By knowing about bankruptcy facts like this you can make sure that you are careful about assignment your property as security measures to credit companies. There is another failure fact that you should know about. In this fact once your failure payments have been fully paid off you will be released from further debt payments.

At this point former creditors will no longer have any claim on you and they can not force you to pay any more of the former debts. Even so if you do happen to get into credit difficulties with these same creditors once more they will have the right to search compensation for these new debts that you have incurred.

As you look through the various bankruptcy facts and advice, you will see that in most cases your assets that can be turned into immediate payment must be turned over to a bankruptcy trustee. This judicature decreed person will make sure that you are paying off your debt in a sensible manner.

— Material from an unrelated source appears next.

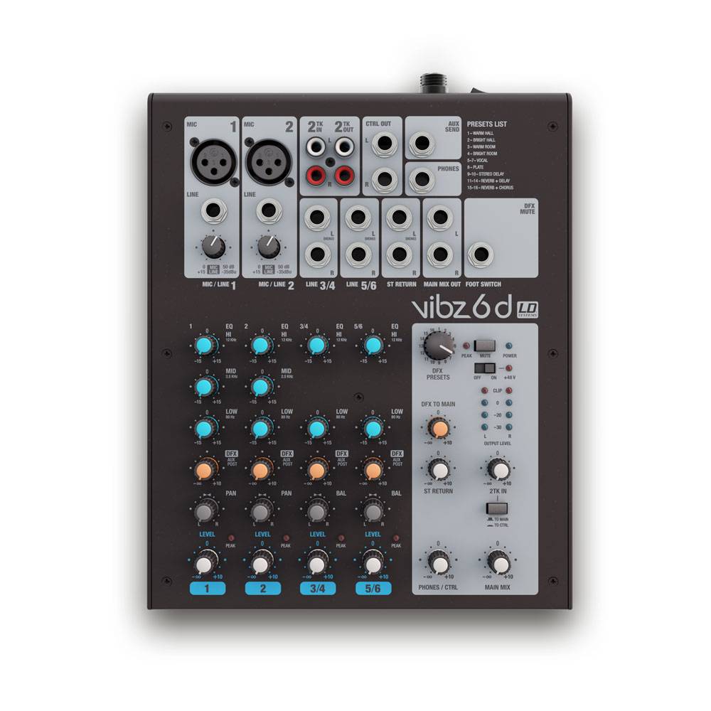 De LD Systems Vibz 6D is één van de compacte mixers uit het assortiment van LD Systems. Het maakt hem geschikt voor entertainers, studiotoepassingen en one-man shows. De Vibz 6D biedt 2 microfooningangen en 2 stereo-aansluitingen.

You disposable assets once they have been liquidated will be distributed amongst your creditors. This is also another way for you to drop your bankruptcy charges. There are many other bankruptcy facts that can help you to keep off being in trouble with the various people to whom you owe money. You just need to talk with your attorney for help.

Thank you for Taking the time to read my article it is greatly appreciated. Try searching through my other articles.

Michael Malega presents several bankruptcy facts articles for your information. You can visit Michael’s WWW site at:

How To Get Great Advice On Filing Bankruptcy

Debt can be a burden to anybody, but is filing for bankruptcy right for you to relieve the pressures of this debt? Thinking about bankruptcy can be quite a stressful thing! You can probably feel a full blown panic attack coming on, how could you let things get this bad? Most people react in the same way, what you need to do is take a step back and relax. This information is not legal advice, but it could help you to decide whether or not filing for bankruptcy is right for you. The first thing that you need to do is take a look at your debt and assets. Start by making a list of all your monthly expenses, start with your mortgage or rental payments. Then put the car payment, then carry on down the list in a similar fashion. Don’t include things like credit cards, and loans. Just include day to day living expenses, the things that you cannot do without.

After you’ve worked out how much you need to spend every month try to work out if it’s possible for you to repay the loan in full (including any interest) within three years with the disposable income that you have left. You should forget the minimum payment due figure and pay off the amount that would leave you debt free after three years. If you are struggling with these calculations then take a look on the internet, there are many tools online that can help you to work out all of these figures.

Now you should take a look how you can increase your cash flow, to do this you can reduce monthly outgoings, or taking a second job. Reducing monthly expenditure is a great place to start, you could reduce the number of nights that you go out, and lower the thermostat on the boiler so it’s more efficient.

If you have used all of these steps before and are still experiencing problems then maybe it’s time to call in the professionals. Professional credit councilors will be able to assess your individual case and find out if filing for debt repudiation is the right thing for you to do. Whenever asking for help make sure you are cautious, many of these so called professionals can actually cause much more harm than good! The best way to find a trustworthy councilor is to contact the state and federal courts for debt repudiation, these have a list of approved councilors.

Filing for bankruptcy is often a very difficult decision, but if you can’t pay off your debts within three years then perhaps it’s the only path available to you.

You can also find other information on Avoid Bankruptcy and Student Loan Bankruptcy. is a comprehensive resource to get help in Bankruptcy.